According to the Alzheimer’s Association, “the economic value of the unpaid care provided to those with Alzheimer’s and other dementias totaled $202.6 billion in 2010.” Such pressure on family members creates a powder keg in the home. Workplace absences, physical exhaustion, and a general sense of isolation can lead to violent outbursts towards the elderly person. Federal and state elected officials are beginning to recognize that investing in a respite care policies can prevent the possible health and safety hazards.  But policymakers should move more rapidly to fund and provide availability for respite care.

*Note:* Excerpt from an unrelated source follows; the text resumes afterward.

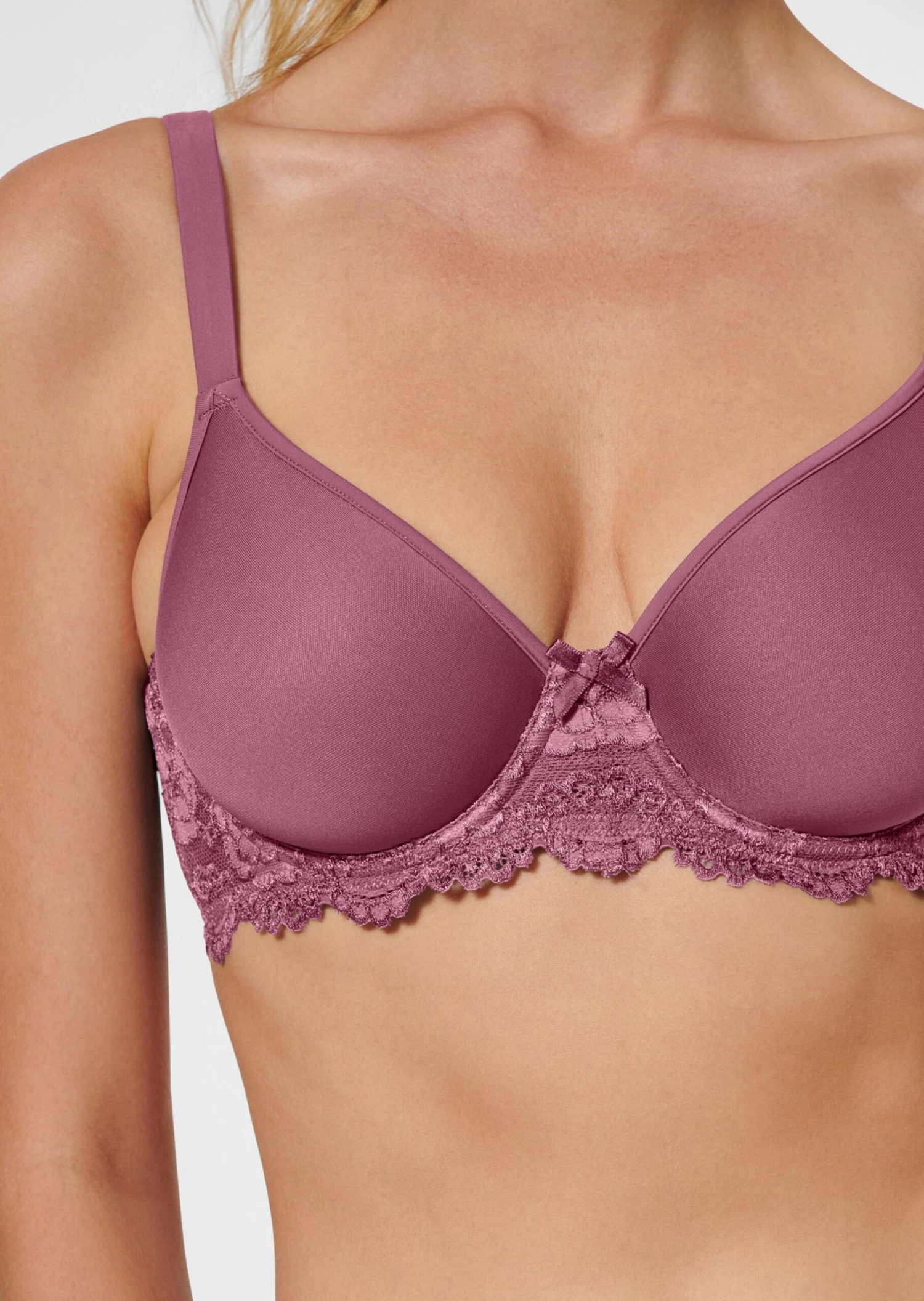 Wenn Sie gerne figurbetonte Oberteile tragen, ist dieser BH das perfekte Darunter. Mit glatten, anschmiegsamen Softcups, Formbügel und verstellbaren Trägern bietet er idealen Komfort und zeichnet sich nicht ab. Extras wie die feine Spitze rundum und Zierschleife am Mittelsteg unterstreichen die sinnlich schöne Optik des Modells.

Addressing the issues of social discrimination against the aging remains a critical component of abuse. Lawmakers can provide leadership in this problem on at least two levels. First, consider the opportunity of pairing public schools with aging communities. Creating intergenerational ties runs counter to our contemporary loss of social capital.  Robert Putnam, in his work Bowling Alone, argues that this loss of social capital leads to fragmented communities and disconnections between generations.  It also has the potential for creating a general prejudice among generations that do not behave as we want them. Psychologists refer to this as prescriptive prejudice.  The world is built on the perception that youthful is better than elderly. This general perception can lead to demeaning those in older generations and ultimately relegating those in an older generation as less important, opening the door to potential abusive situations.

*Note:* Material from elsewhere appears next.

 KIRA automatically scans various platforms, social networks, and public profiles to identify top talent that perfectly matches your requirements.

Defining the role of social services fits within the broader policy goals of addressing elder abuse. Often, lawmakers describe social services in a pejorative light. A misunderstanding among policymakers is that social service spending, particularly Medicaid, is a money pit for public budgeting. This attitude has the potential to create a stigma of avoidance among public policy decisions. Aging policy, for example, has not traditionally been at the forefront of campaigns and elections. Few candidates discuss aging policy, unless it is to highlight the problems of institutional care. What lawmakers overlook in the rhetoric surrounding the cost of social services is the economic investment such programs provide to a community.Aging services is a particularly labor intensive area. Economic multiplier estimates suggest that for every dollar invested in the care of our elderly, the local economy receives an additional 7 dollars. Investing in the care and safety of our elderly, then, not only protects some of the most vulnerable members of our society, but it also creates an economic return for the community.

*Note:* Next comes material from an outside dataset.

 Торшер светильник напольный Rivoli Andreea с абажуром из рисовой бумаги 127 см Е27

Policymakers, both nationally and globally, would do well to remember those frail and aging members of our communities. Not only because it is the right thing for human rights, but because it is the right thing to do economically.  The aging boom is just beginning and where we go with our policy decisions in the next several years will be critical to stemming the epidemic of elderly abuse and discrimination.


Alzheimer’s Association Report. “2011 Alzheimer’s Disease Facts and Figures.” 2011

National Center on Elder Abuse,  “Fact Sheet,” 1.  2005. Retrieved from

World Health Organization. “Global Health and Aging.” 2 January, 2012.